ADA: Americans with Disabilities Act ADA
Title I of the Americans with Disabilities Act of 1990 (ADA), effective July 26, 1992, prohibits private employers of 15 or more employees*, state and local governments, employment agencies, and labor unions from discriminating against qualified persons with disabilities, as well as people associated with a disabled personin job application procedures, hiring, firing, promotion, compensation, job training, and other terms, conditions, and privileges of employment.
A disabled person is a person who:
- Has a physique or mental impairment that significantly limits one or more major life activities;
- Has a record of such impairment; Where
- Is considered to have such an impairment.
Major life activities include tasks such as self-care, manual labor, seeing, hearing, eating, sleeping, walking, standing, lifting, bending, talking, breathing, learning, reading, concentrating , think, communicate, work and use major bodily functions.
A qualified employee or candidate with a disability is someone who, with or without reasonable accommodation, can perform the essential functions of the job in question.
Reasonable accommodations may include, but are not limited to:
- Make existing facilities used by employees easily accessible and usable by people with disabilities
- Restructuring of position, modification of working hours, reassignment to a vacant position
- Acquisition or modification of equipment or devices
- Adjust or modify exams, training materials, or policies, and provide qualified readers or interpreters
- Allow an employee to work remotely
An employer is required to accommodate an applicant’s or qualified employee’s known disability if it does not impose “undue hardship” on the operation of the employer’s business. employer.
Excessive difficulty is defined as an action requiring significant difficulty or expense considering such factors as the nature and cost of accommodation, the size of the employer, financial resources, and the nature and structure of its operation.
An employer is not required to lower quality or production standards to make an accommodation, nor is an employer required to provide items for personal use such as eyeglasses or hearing aids.
If an employee who handles food has an infectious disease and reasonable accommodation cannot eliminate the risk of transmission, the employer may refuse to assign the person.
Also, the ADA does not prohibit a religious employer from giving preference to people of a particular religion.
The interactive process
Generally, an employer is not required to provide reasonable accommodation unless a person with a disability has requested it.
If an employer believes that a medical condition is causing a performance or conduct problem, the employer can ask the employee how to fix the problem and whether the employee needs a reasonable accommodation.
Once reasonable accommodation is requested, the employer and the individual should discuss the individual’s needs and identify the appropriate reasonable accommodation.
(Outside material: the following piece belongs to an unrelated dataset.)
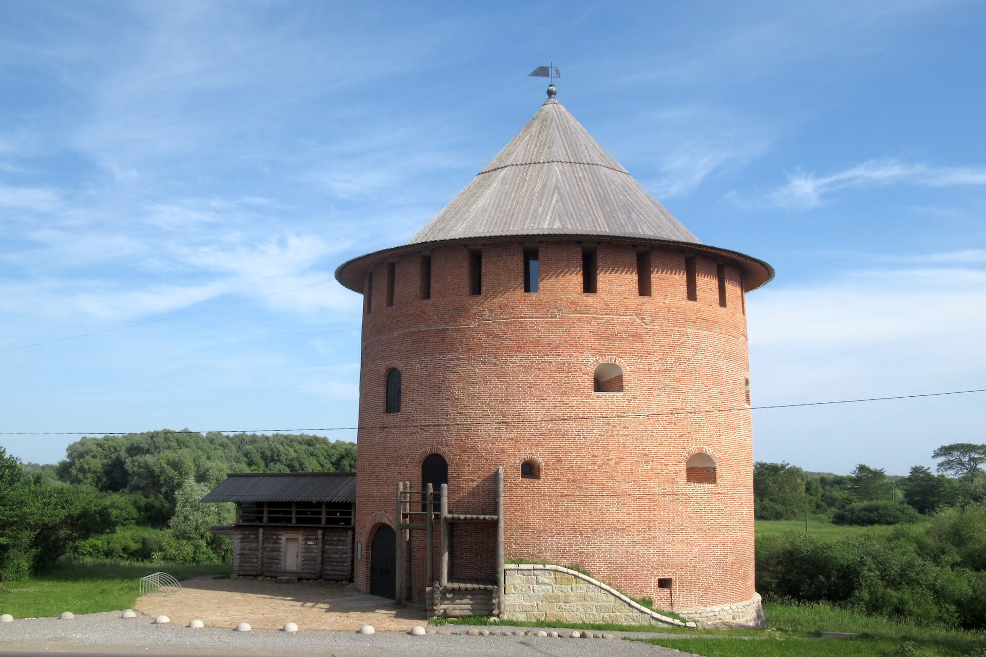 Некогда Великий Новгород был окружён плотным кольцом оборонительных, защитных сооружений. Единственной постройкой такого характера, сохранившейся до современной эпохи, является эта башня, возведённая в XVI в. Высота каменного строения доходит до 15 метров при общем диаметре — 17. Почти 100 лет этого сооружения практически не существовало: в начале прошлого века укрепление пришло в упадок, а восстановительные работы начались лишь в 90-х гг. Другое распространённое название — Белая башня — появилось после средневековой реконструкции, когда фасад был выкрашен белилами. Имя Алексея, фигурирующее в одном из вариантов наименования, форт получил от церкви, освещённой в честь благословлённого, поцелованного Богом, человека.

This is a legal obligation for both employer and employee, known as the “interactive process”.
Where more than one accommodation would work, the employer may choose the least expensive or easiest to provide.
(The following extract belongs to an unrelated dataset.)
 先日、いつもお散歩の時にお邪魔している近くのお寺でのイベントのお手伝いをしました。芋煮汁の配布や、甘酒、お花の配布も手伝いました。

Medical examinations, inquiries
Employers cannot ask applicants about the existence, nature or severity of a disability. However, applicants may be questioned on their ability to perform specific duties.
A job offer may be conditional on the results of a medical exambut only if the exam is mandatory for all new employees in similar positions.
Employee medical examinations should be job-related and consistent with the employer’s business needs.
Disclosures and medical records are confidential. However, medical information may be shared with supervisors regarding necessary accommodations, security personnel for emergency treatment, and government officials investigating ADA compliance.
Drug and alcohol abuse
Employees and applicants who currently engage in illegal drug use are not Qualified Persons under the ADA. However, people who are no longer using drugs are considered qualified people if they are participating in or have completed a supervised drug treatment program.
Illegal drug testing is not subject to ADA restrictions on medical examinations. However, drug and alcohol testing may be subject to additional state and federal restrictions.
Employers can require illegal drug users and alcoholics to meet the same performance standards as other employees.
The US Equal Employment Opportunity Commission issued regulations on July 26, 1991 to enforce the provisions of Title I of the ADA.
The provisions originally came into force on July 26, 1992, and covered employers with 25 or more employees.
On July 26, 1994, the threshold was lowered to include employers with 15 or more employees.
In addition, employers must publish in an accessible format the description of these provisions. Failure to do so results in a fine.
Further information and advice can be found at:
Source: US Equal Employment Opportunity Commission, ADA Fact Sheet
*The Connecticut Fair Employment Practices Act also protects against all forms of discrimination, including people with disabilities. It is important to note that from October 1, 2022, the CFEPA covers any employer with one or more employees.